> You have exactly the same burden trying to sell CN-manufactured hardware in the EU.
Not if you're a Chinese OEM: you just mail it in, and thanks to the arcane operation of international postage it's cheaper to post to Germany from China than from Germany. CE is such a European type of regulation, there's almost no enforcement, while at the same time it's so vague that simply working out what directives you might need to comply with is time-consuming.
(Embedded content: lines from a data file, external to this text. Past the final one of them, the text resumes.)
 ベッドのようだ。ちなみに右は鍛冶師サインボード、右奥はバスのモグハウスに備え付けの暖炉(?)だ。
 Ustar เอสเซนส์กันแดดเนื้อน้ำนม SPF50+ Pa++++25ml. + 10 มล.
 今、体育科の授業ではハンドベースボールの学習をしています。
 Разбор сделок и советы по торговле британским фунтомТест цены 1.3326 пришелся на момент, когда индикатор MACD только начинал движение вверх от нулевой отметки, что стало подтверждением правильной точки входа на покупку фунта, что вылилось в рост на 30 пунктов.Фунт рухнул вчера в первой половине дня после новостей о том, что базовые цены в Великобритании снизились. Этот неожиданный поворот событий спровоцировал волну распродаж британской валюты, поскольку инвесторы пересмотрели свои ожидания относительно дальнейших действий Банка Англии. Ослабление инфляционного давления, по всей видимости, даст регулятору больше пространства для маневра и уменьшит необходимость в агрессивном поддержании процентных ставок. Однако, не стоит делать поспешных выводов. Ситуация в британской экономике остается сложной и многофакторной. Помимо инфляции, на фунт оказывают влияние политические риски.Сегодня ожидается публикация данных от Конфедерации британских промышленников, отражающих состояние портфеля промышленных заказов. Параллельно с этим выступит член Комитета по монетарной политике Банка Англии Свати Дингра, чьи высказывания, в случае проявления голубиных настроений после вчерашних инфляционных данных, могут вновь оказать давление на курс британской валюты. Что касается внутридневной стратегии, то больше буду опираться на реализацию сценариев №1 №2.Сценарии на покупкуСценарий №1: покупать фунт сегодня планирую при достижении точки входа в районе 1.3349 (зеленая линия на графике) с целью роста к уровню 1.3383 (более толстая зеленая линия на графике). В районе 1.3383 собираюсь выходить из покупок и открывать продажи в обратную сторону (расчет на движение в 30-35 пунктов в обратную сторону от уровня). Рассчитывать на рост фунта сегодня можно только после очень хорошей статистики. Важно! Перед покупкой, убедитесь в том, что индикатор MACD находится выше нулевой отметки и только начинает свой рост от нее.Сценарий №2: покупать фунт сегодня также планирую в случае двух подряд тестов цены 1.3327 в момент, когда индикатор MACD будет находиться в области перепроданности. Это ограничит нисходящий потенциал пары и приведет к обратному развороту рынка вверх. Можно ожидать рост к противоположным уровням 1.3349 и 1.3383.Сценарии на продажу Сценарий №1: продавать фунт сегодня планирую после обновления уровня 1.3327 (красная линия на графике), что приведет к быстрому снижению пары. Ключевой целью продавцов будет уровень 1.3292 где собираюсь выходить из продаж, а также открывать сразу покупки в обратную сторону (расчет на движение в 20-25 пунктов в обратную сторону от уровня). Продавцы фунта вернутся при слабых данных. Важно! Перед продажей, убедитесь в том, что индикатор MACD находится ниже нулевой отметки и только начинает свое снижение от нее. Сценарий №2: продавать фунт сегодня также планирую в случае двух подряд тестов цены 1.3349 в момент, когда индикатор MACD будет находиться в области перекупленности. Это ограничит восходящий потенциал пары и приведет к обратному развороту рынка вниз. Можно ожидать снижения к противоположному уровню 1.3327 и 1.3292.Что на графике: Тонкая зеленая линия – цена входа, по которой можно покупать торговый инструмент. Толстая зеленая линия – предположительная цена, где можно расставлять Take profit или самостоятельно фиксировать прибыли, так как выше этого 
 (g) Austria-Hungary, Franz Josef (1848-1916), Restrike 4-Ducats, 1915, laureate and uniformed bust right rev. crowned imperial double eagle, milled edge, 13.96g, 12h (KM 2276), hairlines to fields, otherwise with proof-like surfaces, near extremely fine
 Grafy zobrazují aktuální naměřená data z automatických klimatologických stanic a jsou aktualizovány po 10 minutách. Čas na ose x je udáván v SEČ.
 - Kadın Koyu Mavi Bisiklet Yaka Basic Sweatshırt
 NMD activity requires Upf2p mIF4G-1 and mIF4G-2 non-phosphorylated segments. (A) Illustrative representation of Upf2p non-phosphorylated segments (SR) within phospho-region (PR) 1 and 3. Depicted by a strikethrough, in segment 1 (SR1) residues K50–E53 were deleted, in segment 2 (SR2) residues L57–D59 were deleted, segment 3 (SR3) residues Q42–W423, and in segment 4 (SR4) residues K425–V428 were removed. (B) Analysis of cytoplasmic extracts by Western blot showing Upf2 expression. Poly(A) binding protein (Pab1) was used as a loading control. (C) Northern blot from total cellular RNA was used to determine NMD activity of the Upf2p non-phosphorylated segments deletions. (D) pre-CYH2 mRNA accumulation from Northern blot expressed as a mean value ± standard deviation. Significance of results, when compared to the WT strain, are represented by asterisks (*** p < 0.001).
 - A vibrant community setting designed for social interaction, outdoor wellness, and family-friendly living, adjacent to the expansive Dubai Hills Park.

Mind you as others have pointed out, there is still EU electronics. It's just not massive production runs for consumer electronics, much more of it is for defence, aerospace, and medical. And a bit of automotive, although that is definitely going to fall to Chinese car OEMs.
Europe is starting crack down on individual CN import - for exactly this reason. But that's still not going to solve the real problems EU-based hardware companies run into.
The whole problem is that the EU electronics industy is laser-focused on those defence and aerospace runs. They expect everything to be bespoke and complicated, so their entire business model is built around it.
But the vast majority of hardware isn't that complicated. I don't want a two-month ordering process with a "call for pricing" and a €1500 "engineering fee" - I want a JLCPCB-like instant quote and click-to-order for my dime-a-dozen 4-layer 10x10cm prototype!
The fact that a handful of industy giant are still doing production in Europe while moving at a glacial pace is not that relevant when China is rapidly out-innovating the West. If it continues like this, they will eventually die too.